Appellate Division of the Supreme Court of New York, Second Department
Oct 26, 2010
77 A.D.3d 866 (N.Y. App. Div. 2010)

Opinion

Nos. 2009-09844, 2009-09846.

October 26, 2010.

In an action, inter alia, for the specific performance of a contract for the sale of real property, Accredited Home Lenders, Inc., appeals (1), as limited by its brief, from so much of an order of the Supreme Court, Queens County (Schulman, J.), entered July 25, 2008, as denied that branch of its cross motion which was for leave to intervene in the action as of right pursuant to CPLR 1012, and (2) from an order of the same court entered October 1, 2009, which denied its motion, denominated as one for leave to renew and reargue, but which was, in effect, one for leave to reargue.

Herrick Feinstein LLP, New York, N.Y. (Arthur G. Jakoby and Avery S. Mehlman of counsel) for proposed intervenor-appellant.

Albert Ghunney (Diamond and Diamond, LLC, New York, N.Y. [Stuart Diamond of counsel]), for defendants-respondents.

Before: Santucci, J.P., Balkin, Belen and Chambers, JJ.


Ordered that the appeal from the order entered October 1, 2009, is dismissed; and it is further,

Ordered that the order entered July 25, 2008, is affirmed insofar as appealed from; and it is further,

Ordered that one bill of costs is awarded to the defendants-respondents.

Under the facts of this case, the motion of Accredited Home Lenders, Inc. (hereinafter the appellant), for leave to intervene in this action as of right pursuant to CPLR 1012 based on the doctrine of equitable subrogation, made after a default judgment was entered against the defendants, was untimely ( see T V Constr. Corp. v Pratti, 72 AD3d 1065; Voceo v Herrera, 247 AD2d 608).

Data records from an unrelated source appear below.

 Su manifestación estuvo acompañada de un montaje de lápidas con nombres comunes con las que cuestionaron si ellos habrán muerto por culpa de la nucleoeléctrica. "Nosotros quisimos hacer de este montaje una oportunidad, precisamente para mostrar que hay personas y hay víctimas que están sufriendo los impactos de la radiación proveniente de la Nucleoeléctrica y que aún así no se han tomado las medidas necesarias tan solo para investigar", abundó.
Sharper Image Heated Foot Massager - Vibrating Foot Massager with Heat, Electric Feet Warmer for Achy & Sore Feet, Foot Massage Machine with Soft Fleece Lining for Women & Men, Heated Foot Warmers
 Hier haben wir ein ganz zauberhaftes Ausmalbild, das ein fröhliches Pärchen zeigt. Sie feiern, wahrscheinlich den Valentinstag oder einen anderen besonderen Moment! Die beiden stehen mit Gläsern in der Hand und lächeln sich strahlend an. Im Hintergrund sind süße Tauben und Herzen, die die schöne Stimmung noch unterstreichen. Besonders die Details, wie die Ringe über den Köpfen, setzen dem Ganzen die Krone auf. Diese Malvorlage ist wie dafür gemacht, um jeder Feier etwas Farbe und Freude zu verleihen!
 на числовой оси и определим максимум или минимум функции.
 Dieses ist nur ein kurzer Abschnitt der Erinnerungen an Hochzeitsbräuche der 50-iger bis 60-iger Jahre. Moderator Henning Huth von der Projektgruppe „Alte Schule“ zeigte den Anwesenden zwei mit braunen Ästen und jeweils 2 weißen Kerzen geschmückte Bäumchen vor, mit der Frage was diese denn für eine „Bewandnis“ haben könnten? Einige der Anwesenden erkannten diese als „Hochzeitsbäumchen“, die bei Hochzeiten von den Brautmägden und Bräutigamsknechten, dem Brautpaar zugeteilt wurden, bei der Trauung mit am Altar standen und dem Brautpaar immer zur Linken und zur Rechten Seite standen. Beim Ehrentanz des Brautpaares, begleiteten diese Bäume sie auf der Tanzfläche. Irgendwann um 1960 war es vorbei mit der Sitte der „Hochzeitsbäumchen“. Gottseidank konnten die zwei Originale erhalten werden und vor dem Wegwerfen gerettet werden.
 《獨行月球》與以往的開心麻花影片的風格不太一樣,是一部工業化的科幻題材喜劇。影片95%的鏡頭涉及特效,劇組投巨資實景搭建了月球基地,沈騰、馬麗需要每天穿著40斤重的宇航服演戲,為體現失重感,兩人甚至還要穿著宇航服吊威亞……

Further, the appellant's motion, denominated as one for leave to renew and reargue, was not based upon new facts ( see CPLR 2221 [e] [2], [3]). Therefore, the motion was, in effect, a motion for leave to reargue ( see CPLR 2221 [d]), the denial of which is not appealable ( see Matter of Johnson v New York City Dept. of Educ., 73 AD3d 927).

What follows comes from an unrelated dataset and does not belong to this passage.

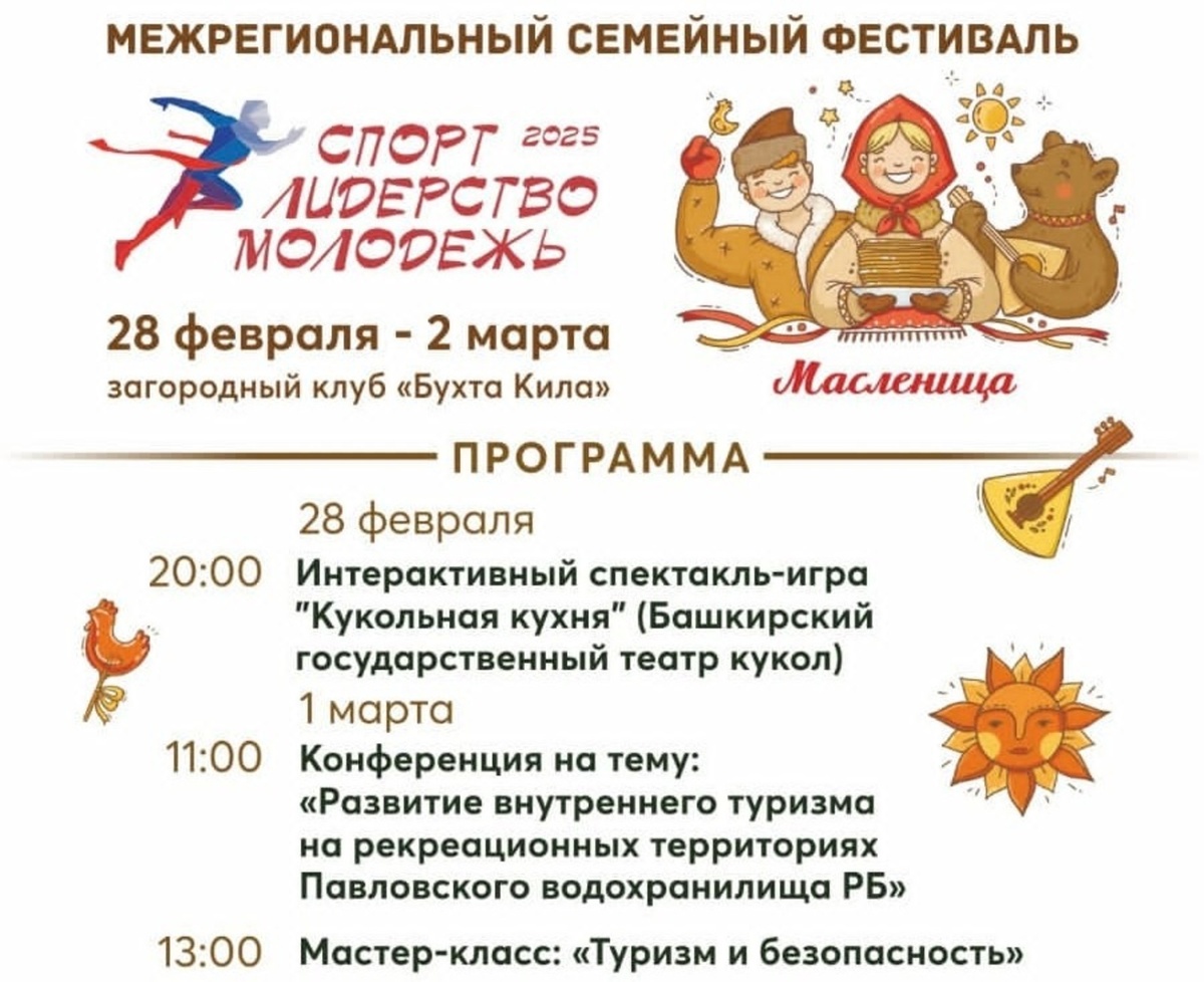В программе фестиваля — традиционные проводы зимы «Масленица», интерактивный кукольный спектакль, веселые старты и подвижные игры на свежем воздухе. Одним из ключевых событий фестиваля станет конференция «Развитие внутреннего туризма на рекреационных территориях Павловского водохранилища Республики Башкортостан». В ней примут участие ведущие туроператоры, отельеры и представители ресторанного бизнеса. Они обсудят с экспертами и представителями госструктур перспективы развития туриндустрии. Фестиваль «Спорт. Лидерство. Молодежь» объединяет усилия государства, бизнеса и общества для развития семейного туризма и активного молодежного отдыха в Башкортостане, отметила министр предпринимательства и туризма РБ Зухра Гордиенко. По ее словам, республика стремится стать лидером в этой сфере, привлекая все больше туристов и обеспечивая устойчивый экономический рост за счет развития туристической инфраструктуры. Фото организаторов фестиваля

In light of our determination, we need not reach the appellant's remaining contentions. Santucci, J.P., Balkin, Belen and Chambers, JJ., concur.

Motion by the defendants-respondents on appeals from two orders of the Supreme Court, Queens County, entered July 25, 2008, and October 1, 2009, respectively, to strike stated portions of the proposed intervenor-appellant's reply brief on the ground that they refer to matter dehors the record. By decision and order on motion of this Court dated July 13, 2010, the motion was held in abeyance and referred to the panel of Justices hearing the appeals for determination upon the argument or submission thereof.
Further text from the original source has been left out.